Evaluating Top-N Join Queries with Real-time Entity Resolution
Author(s) -
L. Zhu,
Yafang Cheng,
Yu Wei,
Qin Ma,
Weiyi Meng
Publication year - 2020
Publication title -
journal of physics. conference series
Language(s) - English
Resource type - Journals
SCImago Journal Rank - 0.21
H-Index - 85
eISSN - 1742-6596
pISSN - 1742-6588
DOI - 10.1088/1742-6596/1575/1/012084
Subject(s) - tuple , computer science , ranking (information retrieval) , join (topology) , data mining , set (abstract data type) , on the fly , measure (data warehouse) , resolution (logic) , query optimization , information retrieval , database , mathematics , artificial intelligence , programming language , combinatorics , discrete mathematics , operating system
Using nonmonotone ranking functions in top- N queries is a challenge. Traditional techniques for top- N queries are based on clean data without entity resolution (ER). For dirty datasets with duplicate tuples referring to the same real-world entity, these techniques may yield top- N tuples duplicates for a query.
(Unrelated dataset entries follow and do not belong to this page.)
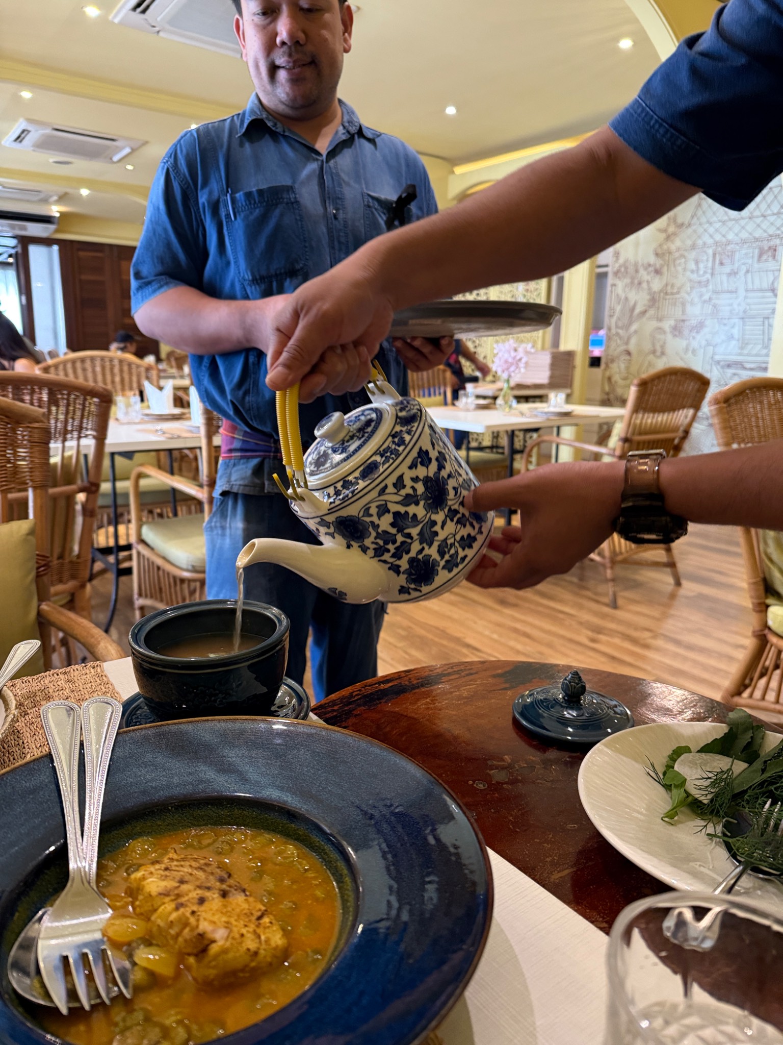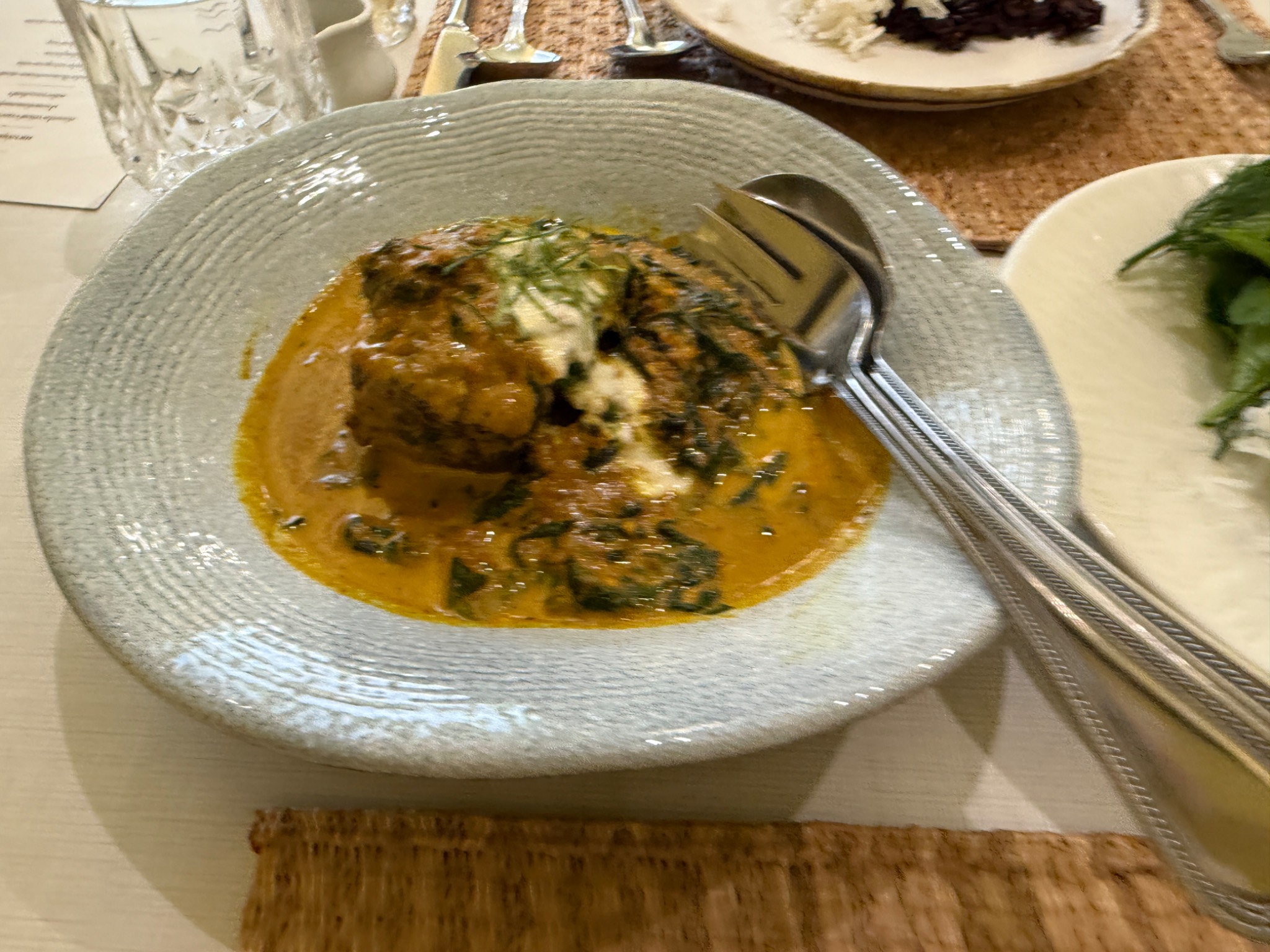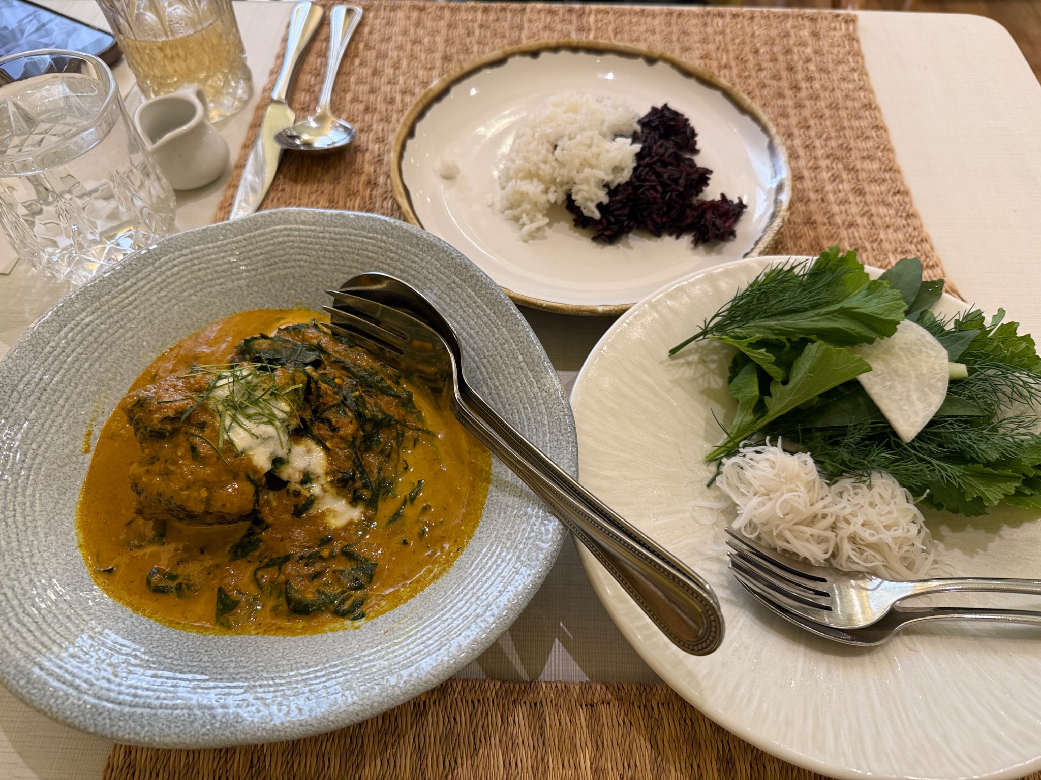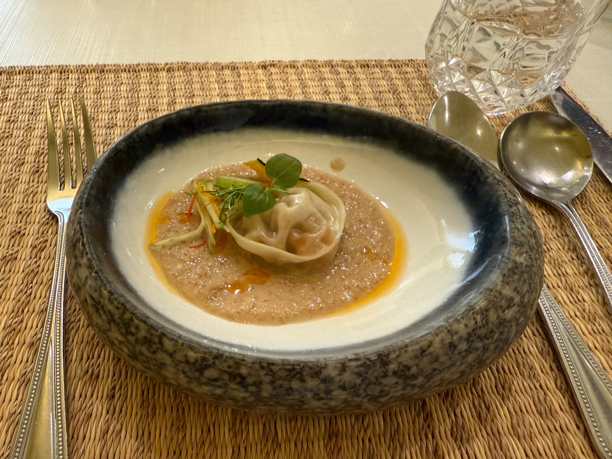 เมนูนี้หน้าตาคล้ายเกี๊ยวกุ้งเสริฟมา ในซอร์สคล้ายมัสหมั่น แต่จริงๆ คือหลน แต่ไม่เค็มนะ ออกหอมนัวมัน อร่อย ชอบ ขนาด อยากขอสั่งเพิ่มเลย
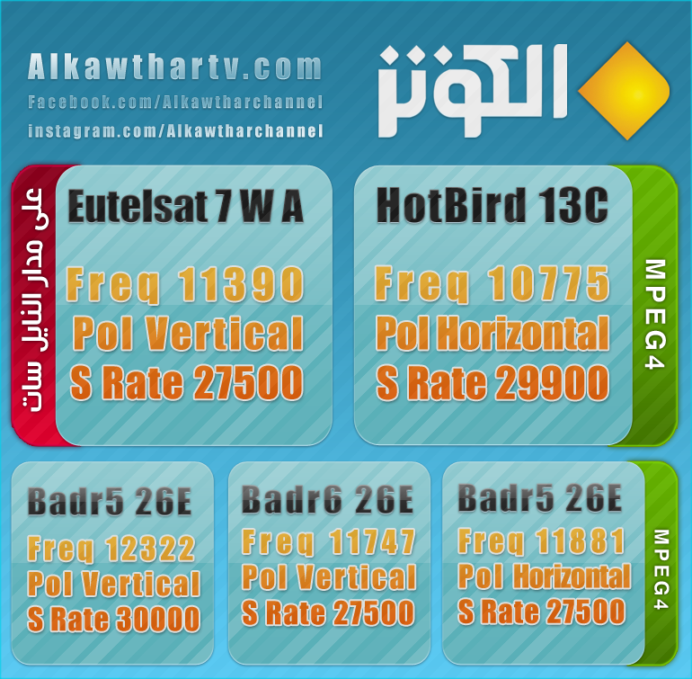 واليكم كافة الترددات لقناة الكوثر الفضائية على الأقمار الصناعية المختلفة...
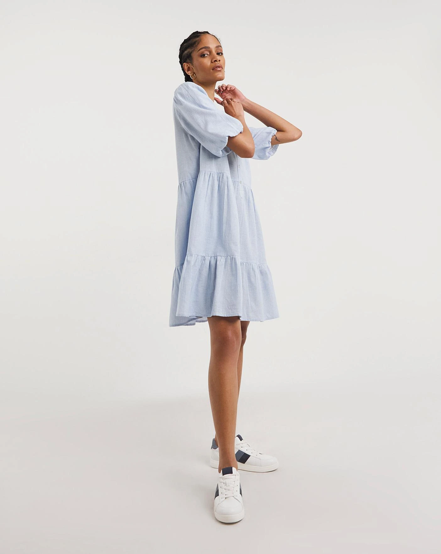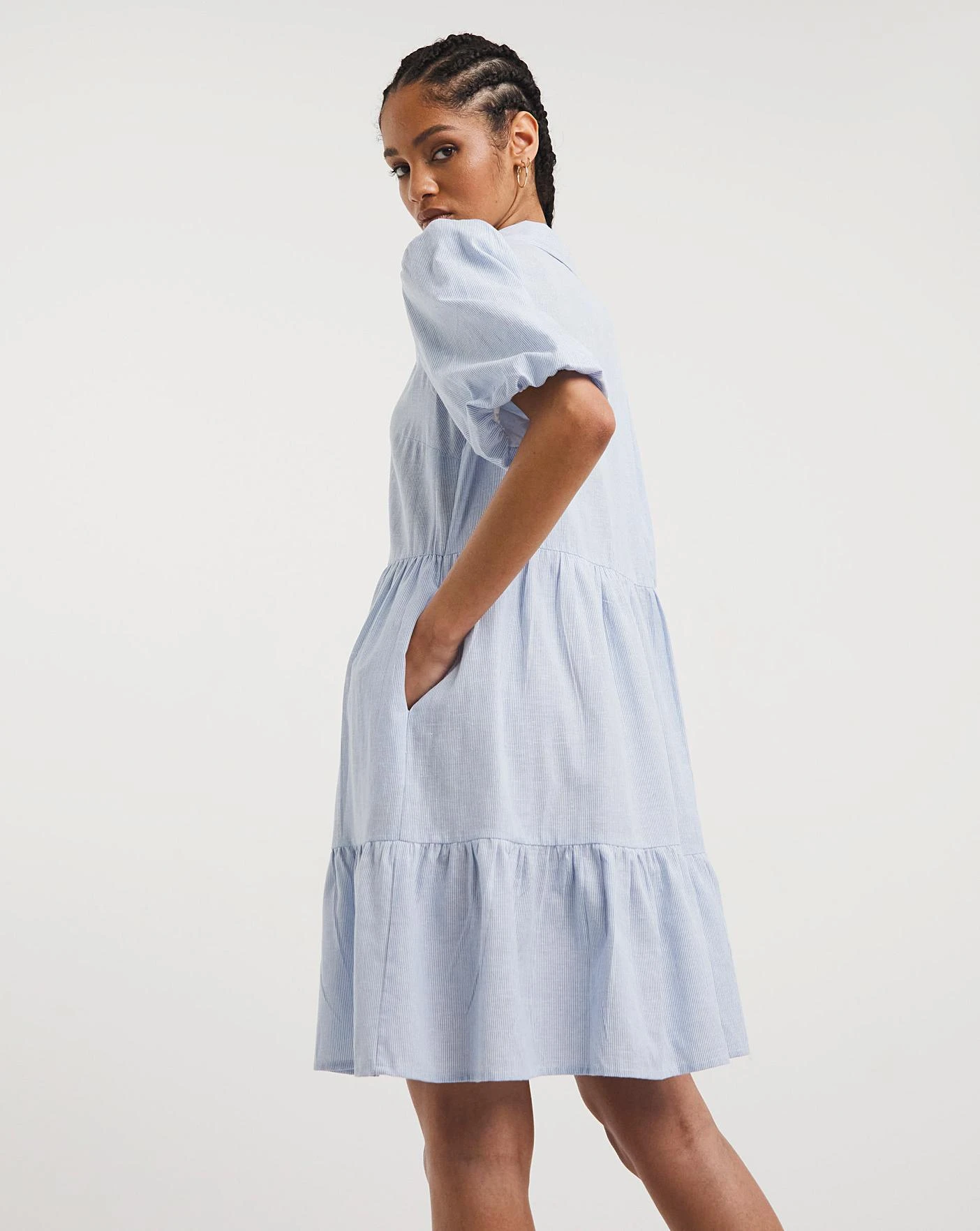 In a sustainable Viscose fabric, this is gorgeous piece to add to you wardrobe. Designed with a shirred bodice to give a flattering shape and short puff sleeves with deep elasticated cuffs, falling to our midi length. This style can be dressed up with a pair of trainers or sandals, perfect for summer.

Consequently, the effective size of the result set of the query is less than N , and some useful tuples may fail to be retrieved from the datasets, which leads to poor effectiveness. Using an ER-Index based on a divide-and-conquer mechanism and nonmonotone ranking functions, in this paper, we propose a method for processing top- N join queries with real-time ER. This method integrates ER with the processing of a top- N join query over dirty datasets on the fly. Extensive experiments are conducted to measure the effectiveness and efficiency of the method over dirty datasets.